According to the WGA finance team, the issues affected the most "organized and proactive" clubs which had already incurred expenses based on the money they thought they had at the start of the current fiscal year.
“Absolutely, there are some people that are not happy with this decision," Bradley said. "This decision definitely was not one of the most popular decisions but was the right decision."
He added that it is difficult to lead peers and said he hopes these decisions will lead to clubs conducting better negotiations with vendors, holding valuable events, and re-evaluating the ticket prices they charge.

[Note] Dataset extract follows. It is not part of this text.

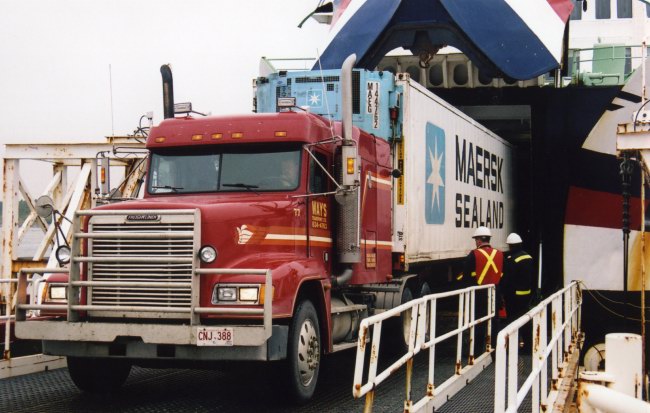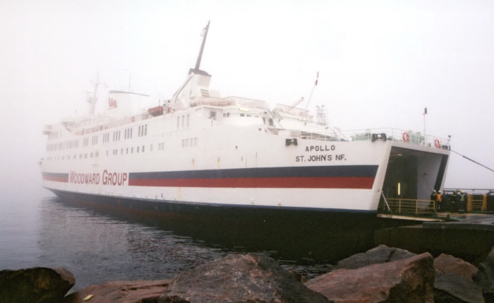 Above: Another load of freight squeezes out of the Apollo's little car deck in St Barbe. |

"There are some clubs and conferences that are not extremely happy with the decision, but the vast majority I would say are okay with what’s going on, and they are up for the challenge," Bradley said.
Editor's Note: The Daily Pennsylvanian previously reported that Bradley attributed part of the lack of oversight to the previous accounting team. This has been updated to reflect Bradley's original statement that "[we] weren't necessarily pleased with [the previous accounting team]."